PROMPT -> Starting with the line that has "Der Taufstein weist" in the records below and stopping after the line that has "One Pay Secured", output every line exactly and nothing else; skip pictures.

RECORDS TO USE ->
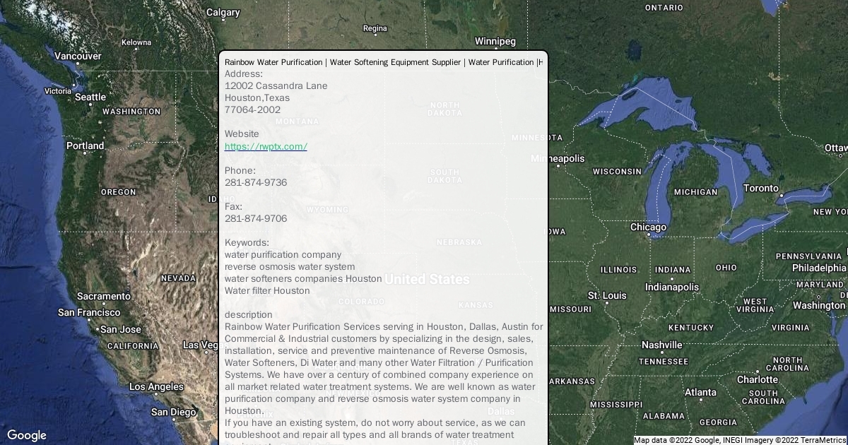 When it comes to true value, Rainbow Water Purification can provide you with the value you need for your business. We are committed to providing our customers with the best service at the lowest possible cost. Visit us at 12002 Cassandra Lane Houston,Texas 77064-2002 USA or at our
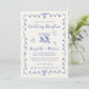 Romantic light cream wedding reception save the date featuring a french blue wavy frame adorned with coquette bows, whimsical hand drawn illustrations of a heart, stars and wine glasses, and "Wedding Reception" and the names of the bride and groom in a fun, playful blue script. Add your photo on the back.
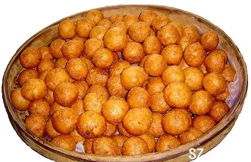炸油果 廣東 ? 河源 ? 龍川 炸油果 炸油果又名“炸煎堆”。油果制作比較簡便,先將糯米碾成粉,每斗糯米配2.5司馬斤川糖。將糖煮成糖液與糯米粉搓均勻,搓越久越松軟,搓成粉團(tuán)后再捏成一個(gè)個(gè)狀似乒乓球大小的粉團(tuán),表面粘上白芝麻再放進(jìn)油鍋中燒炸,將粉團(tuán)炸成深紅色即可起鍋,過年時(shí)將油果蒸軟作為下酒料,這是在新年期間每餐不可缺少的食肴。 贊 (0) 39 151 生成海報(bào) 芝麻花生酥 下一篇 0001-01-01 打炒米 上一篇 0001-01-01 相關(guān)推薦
--
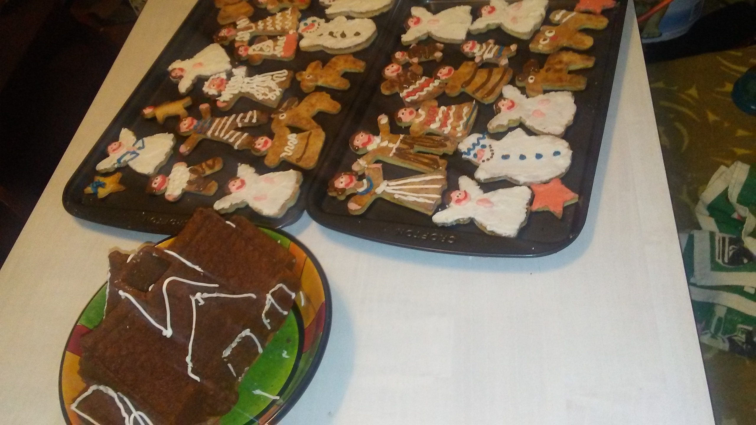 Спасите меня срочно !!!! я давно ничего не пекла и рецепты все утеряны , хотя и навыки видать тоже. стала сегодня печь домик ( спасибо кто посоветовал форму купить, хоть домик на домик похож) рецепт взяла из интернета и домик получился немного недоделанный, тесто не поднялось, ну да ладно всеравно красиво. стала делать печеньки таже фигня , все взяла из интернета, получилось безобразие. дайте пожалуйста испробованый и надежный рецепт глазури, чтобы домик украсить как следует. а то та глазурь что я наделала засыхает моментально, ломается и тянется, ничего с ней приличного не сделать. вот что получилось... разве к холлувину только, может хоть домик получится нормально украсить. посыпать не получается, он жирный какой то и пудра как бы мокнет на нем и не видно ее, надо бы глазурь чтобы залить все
--
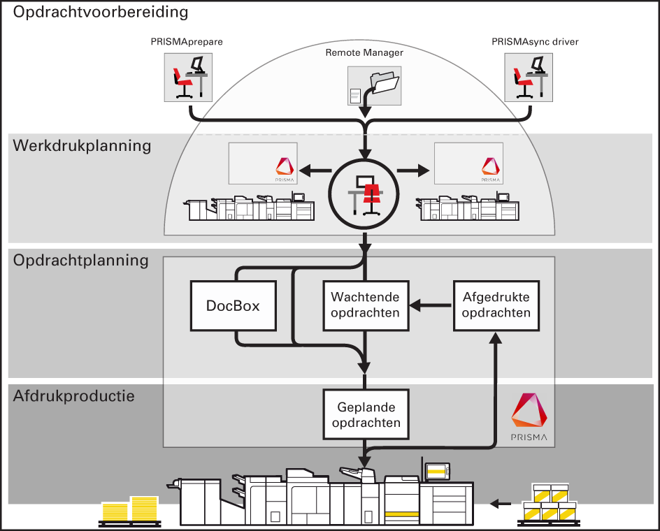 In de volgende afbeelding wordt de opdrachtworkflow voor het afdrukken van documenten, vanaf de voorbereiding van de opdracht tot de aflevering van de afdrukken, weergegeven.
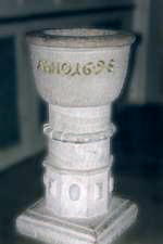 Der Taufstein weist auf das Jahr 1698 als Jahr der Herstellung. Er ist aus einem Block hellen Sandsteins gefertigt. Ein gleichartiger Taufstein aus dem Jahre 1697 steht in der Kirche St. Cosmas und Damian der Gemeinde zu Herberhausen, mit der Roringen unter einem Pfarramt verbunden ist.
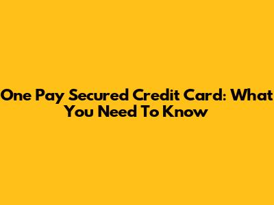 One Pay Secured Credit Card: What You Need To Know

RESPONSE TO THE TASK ->
 Der Taufstein weist auf das Jahr 1698 als Jahr der Herstellung. Er ist aus einem Block hellen Sandsteins gefertigt. Ein gleichartiger Taufstein aus dem Jahre 1697 steht in der Kirche St. Cosmas und Damian der Gemeinde zu Herberhausen, mit der Roringen unter einem Pfarramt verbunden ist.
 One Pay Secured Credit Card: What You Need To Know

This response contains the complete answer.